Startups can avoid failure by ‘staying humble’, says expert
- 8th February 2016
- Entrepreneurs & Startups
Startups can avoid failure by keeping their feet firmly on the ground and staying humble, according to Sarah Bakai.
In an article for startups.co.uk, Bakai said that over 90% of startups fail, with some sources stating that more than half of new businesses fail in their first year. She said the causes of failure are “nearly always avoidable” and she provided several tips to help startups avoid becoming just another statistic.
According to Bakai, some startups fail because as a result of overconfidence. Businesses that perform well to start with and receive support from family and friends can end up getting carried away, which can lead to arrogance.
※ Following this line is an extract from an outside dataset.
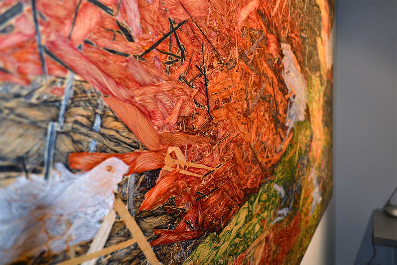 Si può assegnare un momento preciso alla nascita del Moderno in arte: quando i pittori hanno scoperto che attraverso i pennelli si poteva non solo riprodurre il reale, ma anche esplicare l’irreale. Quindi far vedere l’invisibile. Non so se sia giusto definire le opere di Arianna Bonamore immagini, perché hanno una densità sconosciuta all’altra arte, quella che si appoggia al referente, al dialogo con il già visto. Vengono invece da un luogo impraticabile, indescrivibile, e portano i segni di un processo che avviene a strati. Queste opere ci appartengono perché rifiutano la leggerezza dell’immagine, e intrattengono traffici con una intima densità. Che sembrino moderne, a questo punto, pare una semplice casualità. Si soffermano, oltre il piacere, anche sul lungo processo che le ha generate. Ma, forse resistendo, ci lasciamo dialogare da queste opere offuscate da un eccesso di irraggiamento, che, peraltro, proviene da un luogo oscuro. Data la loro origine il loro destino è che appaiano scomode. Ma ciò che udiamo da loro non lo potremo ascoltare altrove, e l’esclusività è l’unico valore che non ha mai cercato approvazione. Le opere di Arianna Bonamore si intrattengono anche sui loro pallidi intermediari, quei fantasmi lignei che si offrono come canovaccio all’apparizione. Ci parlano di mani medievali che ancora non conoscono la velenosa magnificenza dello spettacolo, e si affidano al segno. Ma da queste oceanografie private si esprime l’unica ars. Il più duro, il più esigente, il più ostinato, l’unico amore possibile.

“Arrogance is perilous. Staying humble means prioritising the things that matter; things like the quality of your products and your customer service,” Bakai said.
She added that startups “run before they can walk” and suggested that businesses with a limited cash flow should consider hiring an apprentice, as this will enable them to avoid having to pay for an expert and will also help local unemployment.
Entrepreneurs should also “scrutinise their bills” and look at ways in which they can cut costs. This will enable them to save thousands, which Bakai said is “the difference between failure and success.”
Bakai also advises startups to “set clear goals” and list tasks in order of financial value. Businesses often have the same demands as larger companies but with a much smaller budget, so they should be “flexible and creative” when it comes to making decisions on marketing, HR and administrative support.
Bakai added that startups are “nimble and flexible in a way that big businesses can only dream of” and that they should play to these strengths, as it will enable them to limit the damage that can happen in the early stages of a startup company’s life.